I don’t think this is compelling enough in itself, for the moment, but a simpler answer is what was proposed above – just encouraging people to include an OpenID as part of their address. Researchers will bend over backwards to make people happy if they believe those people have an impact on their chances of being published or getting a grant. A little thing could provide a lot of impetus and that might bring into play the kind of effects that could result from acknowledgement and ultimately make the case that shifting to OpenID as the login system is worth the effort. This would particularly the case for funders who really want to be able to aggregate information about the people they fund effectively.
There are many details to think about here. Can I use my own domain name (yes, re-directs should be possible). Will people who use another service be at a disadvantage (probably, otherwise any business model won’t really work). Is there a business model that holds water (I think there is but the devil is in the details). Should it be non-profit or for profit or run by a respected body (I would argue that for-profit is possible and should be pursued to make sure the service keeps improving – but then we’re back with a commercial provider).

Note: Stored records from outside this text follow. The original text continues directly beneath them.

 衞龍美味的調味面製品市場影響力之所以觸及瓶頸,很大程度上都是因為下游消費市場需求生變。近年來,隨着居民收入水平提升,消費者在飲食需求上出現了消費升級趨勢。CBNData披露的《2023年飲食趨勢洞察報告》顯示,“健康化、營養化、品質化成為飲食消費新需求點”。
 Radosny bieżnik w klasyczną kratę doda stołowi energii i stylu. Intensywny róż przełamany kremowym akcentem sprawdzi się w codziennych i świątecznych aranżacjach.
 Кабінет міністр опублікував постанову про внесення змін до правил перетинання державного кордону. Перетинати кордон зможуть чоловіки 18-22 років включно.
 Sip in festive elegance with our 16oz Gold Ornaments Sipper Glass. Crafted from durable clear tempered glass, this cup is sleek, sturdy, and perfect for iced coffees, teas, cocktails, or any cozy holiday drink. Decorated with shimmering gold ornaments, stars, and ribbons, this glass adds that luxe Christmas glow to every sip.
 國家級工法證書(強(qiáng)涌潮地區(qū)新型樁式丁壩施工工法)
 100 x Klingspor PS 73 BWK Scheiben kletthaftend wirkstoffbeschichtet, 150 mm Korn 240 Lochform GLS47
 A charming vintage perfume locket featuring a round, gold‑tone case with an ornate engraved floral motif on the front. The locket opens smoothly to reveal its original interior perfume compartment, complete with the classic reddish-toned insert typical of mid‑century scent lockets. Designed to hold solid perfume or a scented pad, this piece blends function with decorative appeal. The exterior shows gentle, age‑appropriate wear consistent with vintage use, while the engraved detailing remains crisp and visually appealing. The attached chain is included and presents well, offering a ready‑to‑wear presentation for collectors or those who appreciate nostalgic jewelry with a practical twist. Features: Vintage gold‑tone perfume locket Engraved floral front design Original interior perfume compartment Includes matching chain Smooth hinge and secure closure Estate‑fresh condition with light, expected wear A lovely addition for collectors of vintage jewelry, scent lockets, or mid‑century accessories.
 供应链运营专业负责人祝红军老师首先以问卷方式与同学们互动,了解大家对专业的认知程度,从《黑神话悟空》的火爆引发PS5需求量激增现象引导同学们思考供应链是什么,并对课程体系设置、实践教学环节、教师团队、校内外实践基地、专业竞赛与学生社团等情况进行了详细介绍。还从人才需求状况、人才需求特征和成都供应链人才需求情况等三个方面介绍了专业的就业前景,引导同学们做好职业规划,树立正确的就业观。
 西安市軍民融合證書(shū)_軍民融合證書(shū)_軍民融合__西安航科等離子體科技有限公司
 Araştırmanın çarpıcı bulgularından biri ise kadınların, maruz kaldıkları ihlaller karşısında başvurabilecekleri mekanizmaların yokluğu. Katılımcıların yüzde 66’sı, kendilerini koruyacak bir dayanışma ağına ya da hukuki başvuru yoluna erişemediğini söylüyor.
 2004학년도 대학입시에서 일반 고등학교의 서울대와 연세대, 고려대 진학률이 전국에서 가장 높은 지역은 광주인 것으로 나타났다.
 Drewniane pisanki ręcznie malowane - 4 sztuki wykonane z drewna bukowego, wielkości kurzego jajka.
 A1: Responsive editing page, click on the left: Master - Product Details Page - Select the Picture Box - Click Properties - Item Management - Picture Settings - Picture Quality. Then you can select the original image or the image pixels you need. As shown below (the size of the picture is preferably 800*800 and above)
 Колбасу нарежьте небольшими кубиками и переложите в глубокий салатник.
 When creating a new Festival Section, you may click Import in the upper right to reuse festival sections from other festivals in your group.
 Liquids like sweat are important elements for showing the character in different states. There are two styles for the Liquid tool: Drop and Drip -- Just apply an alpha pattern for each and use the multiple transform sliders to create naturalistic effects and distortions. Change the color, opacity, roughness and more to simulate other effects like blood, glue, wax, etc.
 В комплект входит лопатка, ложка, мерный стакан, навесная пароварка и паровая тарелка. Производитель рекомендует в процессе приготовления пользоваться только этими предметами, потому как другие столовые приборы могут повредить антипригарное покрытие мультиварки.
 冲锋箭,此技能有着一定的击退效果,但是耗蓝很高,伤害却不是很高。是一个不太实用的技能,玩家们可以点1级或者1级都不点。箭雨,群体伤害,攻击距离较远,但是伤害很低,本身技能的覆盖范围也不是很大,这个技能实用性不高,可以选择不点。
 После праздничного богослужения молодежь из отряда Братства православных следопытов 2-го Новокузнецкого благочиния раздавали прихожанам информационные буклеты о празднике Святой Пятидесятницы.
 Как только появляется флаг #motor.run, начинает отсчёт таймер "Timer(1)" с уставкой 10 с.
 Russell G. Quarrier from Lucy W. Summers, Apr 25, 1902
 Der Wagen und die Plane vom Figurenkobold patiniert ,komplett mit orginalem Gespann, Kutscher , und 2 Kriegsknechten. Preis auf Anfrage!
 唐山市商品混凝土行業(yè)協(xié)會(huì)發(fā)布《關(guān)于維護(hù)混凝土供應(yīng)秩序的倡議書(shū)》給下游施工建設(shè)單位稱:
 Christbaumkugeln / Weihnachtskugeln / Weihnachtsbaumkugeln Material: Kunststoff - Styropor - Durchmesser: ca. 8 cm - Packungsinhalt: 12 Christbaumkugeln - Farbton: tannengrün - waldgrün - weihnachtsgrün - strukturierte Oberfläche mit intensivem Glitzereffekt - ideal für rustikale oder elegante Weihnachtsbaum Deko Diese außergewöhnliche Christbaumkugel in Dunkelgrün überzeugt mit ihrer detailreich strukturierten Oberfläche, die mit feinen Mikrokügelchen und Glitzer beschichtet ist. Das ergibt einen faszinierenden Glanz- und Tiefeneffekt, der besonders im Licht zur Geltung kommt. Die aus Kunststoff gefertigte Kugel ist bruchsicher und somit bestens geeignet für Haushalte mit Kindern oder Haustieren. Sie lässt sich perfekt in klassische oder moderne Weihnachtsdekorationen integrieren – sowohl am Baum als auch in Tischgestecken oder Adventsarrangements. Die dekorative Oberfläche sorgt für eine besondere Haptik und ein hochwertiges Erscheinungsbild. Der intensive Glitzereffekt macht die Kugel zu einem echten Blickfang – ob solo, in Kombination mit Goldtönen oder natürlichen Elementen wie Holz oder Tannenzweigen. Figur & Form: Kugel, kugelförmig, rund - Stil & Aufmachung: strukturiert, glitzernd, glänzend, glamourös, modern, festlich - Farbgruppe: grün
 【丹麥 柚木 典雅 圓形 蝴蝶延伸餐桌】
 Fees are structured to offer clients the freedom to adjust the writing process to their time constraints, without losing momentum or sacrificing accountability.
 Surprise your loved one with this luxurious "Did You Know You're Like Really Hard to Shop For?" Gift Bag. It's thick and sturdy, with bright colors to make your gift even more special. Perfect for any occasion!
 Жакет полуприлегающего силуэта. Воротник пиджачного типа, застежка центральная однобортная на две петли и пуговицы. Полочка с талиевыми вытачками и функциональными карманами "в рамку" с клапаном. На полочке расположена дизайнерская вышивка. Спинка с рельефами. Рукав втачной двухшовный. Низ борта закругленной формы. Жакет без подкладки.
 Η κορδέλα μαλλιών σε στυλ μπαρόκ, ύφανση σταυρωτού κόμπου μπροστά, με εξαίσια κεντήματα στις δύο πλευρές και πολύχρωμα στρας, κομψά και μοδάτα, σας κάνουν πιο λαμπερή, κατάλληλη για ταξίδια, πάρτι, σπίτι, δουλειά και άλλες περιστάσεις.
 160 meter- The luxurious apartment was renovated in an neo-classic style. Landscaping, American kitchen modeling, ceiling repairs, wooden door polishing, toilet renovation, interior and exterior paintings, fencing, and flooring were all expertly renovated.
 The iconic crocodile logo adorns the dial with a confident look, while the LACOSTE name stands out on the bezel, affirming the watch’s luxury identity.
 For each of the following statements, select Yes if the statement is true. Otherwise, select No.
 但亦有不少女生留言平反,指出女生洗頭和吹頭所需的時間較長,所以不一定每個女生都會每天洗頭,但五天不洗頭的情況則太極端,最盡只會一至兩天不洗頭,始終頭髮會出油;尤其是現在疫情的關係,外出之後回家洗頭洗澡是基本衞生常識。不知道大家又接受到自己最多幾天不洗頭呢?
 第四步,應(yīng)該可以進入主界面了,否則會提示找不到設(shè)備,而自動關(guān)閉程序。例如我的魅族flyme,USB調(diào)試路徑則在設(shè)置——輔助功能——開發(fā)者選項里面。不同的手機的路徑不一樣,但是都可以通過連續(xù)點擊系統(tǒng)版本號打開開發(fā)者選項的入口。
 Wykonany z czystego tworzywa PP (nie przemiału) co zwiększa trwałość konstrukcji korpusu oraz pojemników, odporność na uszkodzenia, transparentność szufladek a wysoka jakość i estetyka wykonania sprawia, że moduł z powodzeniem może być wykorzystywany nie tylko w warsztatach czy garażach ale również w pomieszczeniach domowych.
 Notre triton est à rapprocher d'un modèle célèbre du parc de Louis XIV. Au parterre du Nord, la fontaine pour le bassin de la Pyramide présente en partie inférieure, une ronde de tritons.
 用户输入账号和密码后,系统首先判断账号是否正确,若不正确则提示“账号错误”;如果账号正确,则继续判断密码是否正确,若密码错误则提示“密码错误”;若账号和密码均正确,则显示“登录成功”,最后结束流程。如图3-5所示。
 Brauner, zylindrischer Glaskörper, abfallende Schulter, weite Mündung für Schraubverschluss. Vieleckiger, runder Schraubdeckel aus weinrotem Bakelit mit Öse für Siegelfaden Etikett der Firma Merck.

There are many good questions that need to be thought through but I think the principle of this could work, and if such an approach is to be successful it needs to get off the ground soon and fast.
Note: I am aware that a number of people are working behind the scenes on components of this and on similar ideas. Some of what is written above is derived from private conversations with these people and as soon as I know that their work has gone public I will add references and citations as appropriate at the bottom of this post.